Scanners

New scanners can be added to a project in this window. For a scanner to be available on the drop-down menu, it should first be activated under Integrations.

📘

Define max. scan duration section allows defining maximum time (in minutes) a scan can be running in the project. If a scan takes longer than this time, Kondukto automatically cancels the scan. Kondukto measures the scan duration by adding up the total time spent on the "Starting" and "Running" stages of a scan.

It is also possible to edit the settings of an existing scanner or delete a scanner from a project in this section.

🚧

Deleting a scanner from the project results in deleting all vulnerabilities previously discovered by that scanner.

If an open-source scanner is added to a project, the source control section must be filled out first.

When a scanner is selected and the "Add" button is clicked, for most commercial scanners (except for Checkmarx, where projects can be created on Checkmarx via the Kondukto interface), a project that is already available on the scanner needs to be mapped onto the project on Kondukto.

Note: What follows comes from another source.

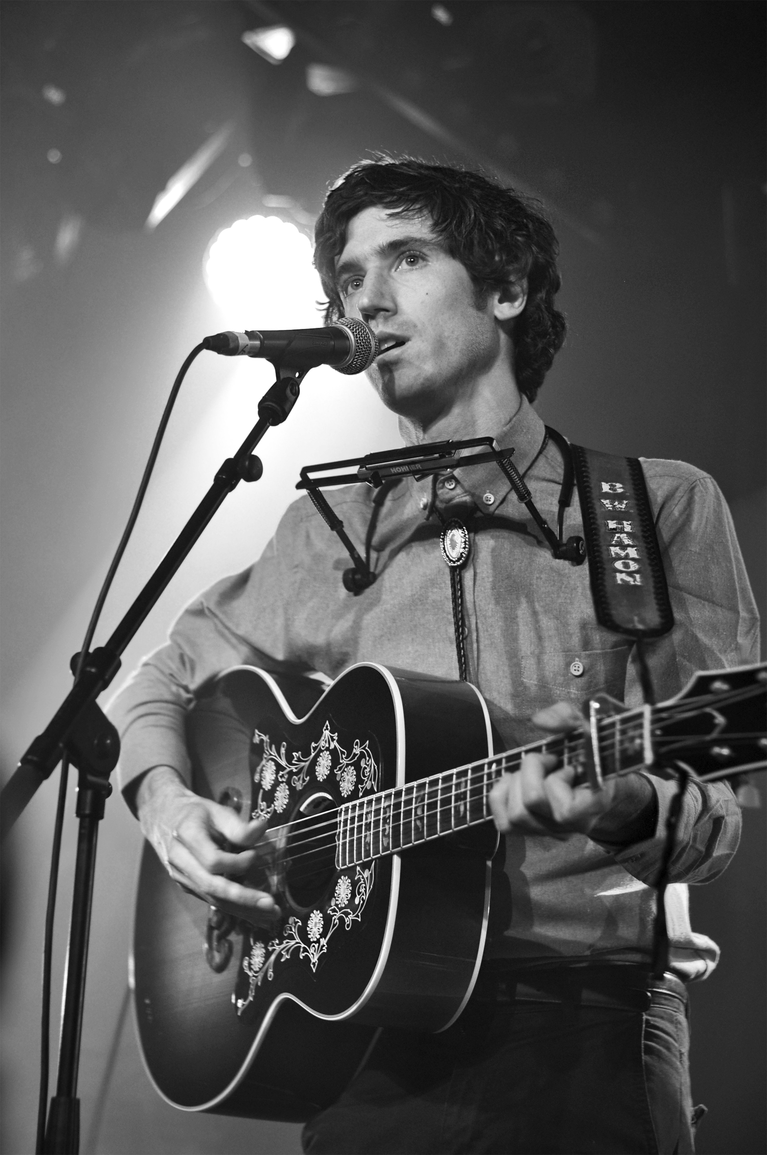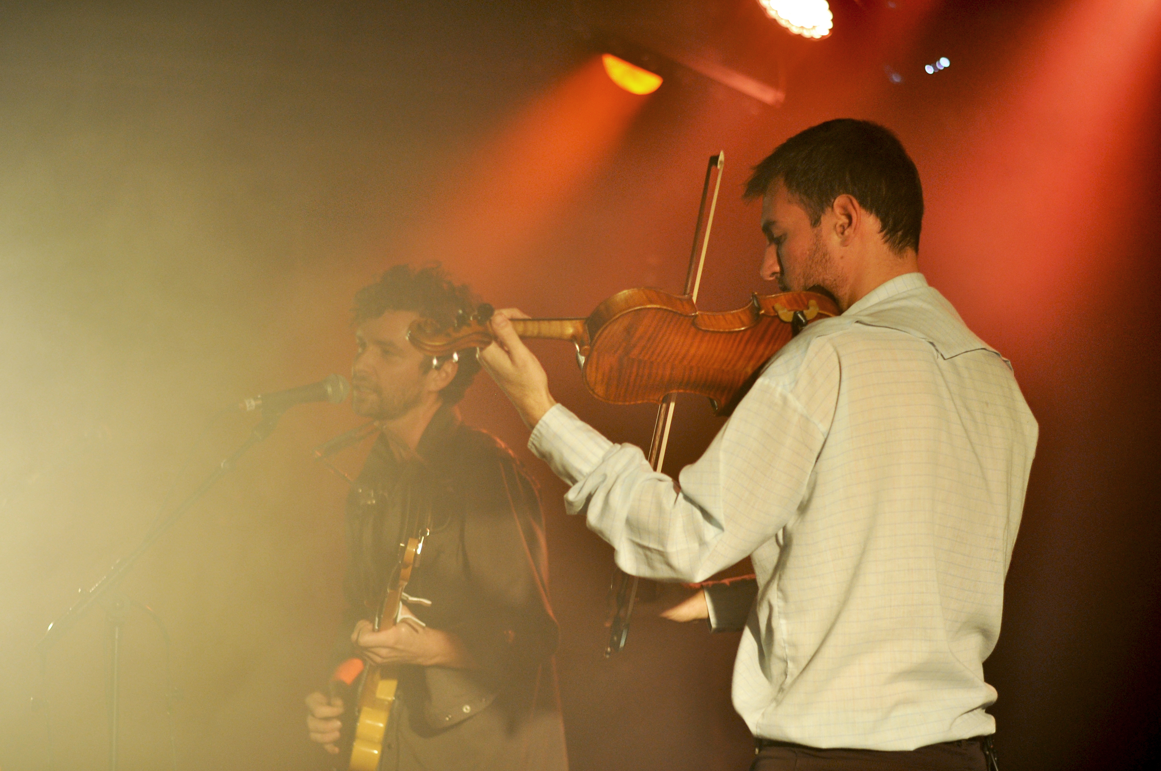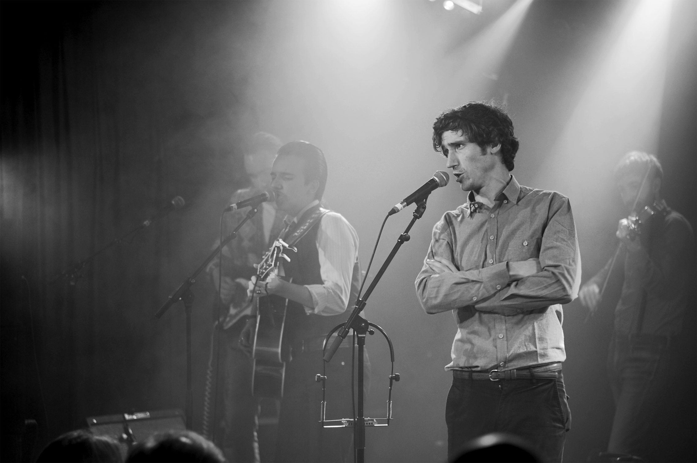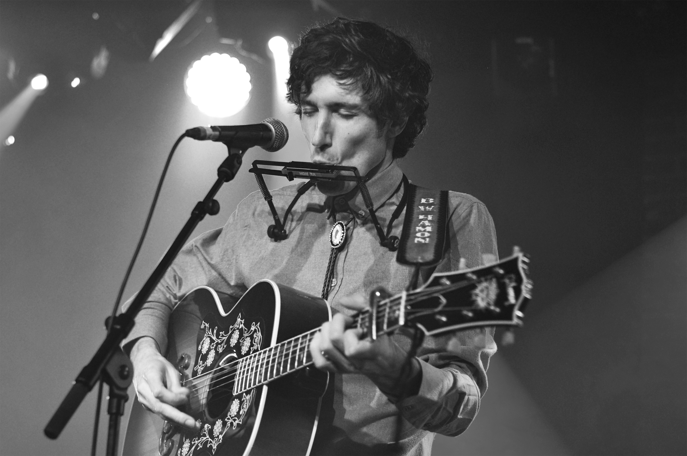 Lorsque l’on entre dans la Maroquinerie c’est Ross Voorhees qui s’installe sur la scène. Le public n’est pas encore très nombreux mais le jeune homme s’adresse avec douceur en français et parvient vite à réchauffer la salle. Venu d’Alaska, Ross Voorhees est accompagné ce soir d’un violoniste discret et talentueux. Les deux garçons jouent un folk aux accents countrisants. Avant de laisser la place au maître de cérémonie, Ross nous chante un chant de Noël écrit dans le Montana. Il nous ouvre les portes des plaines gelées des États-Unis, et on ne se lasse pas du voyage.

Scans can be scheduled using a scheduler or webhooks in the software development lifecycle. For the webhook to function correctly, the secret key generated by Kondukto in the ALM tool should be entered.

If webhooks are used in a busy project where many pull requests or merge attempts occur in short periods, scheduled webhooks can be used. When set to a specific time of the day, scheduled webhooks check whether the desired event has been triggered within the last 24 hours to decide whether to start a daily scan or not.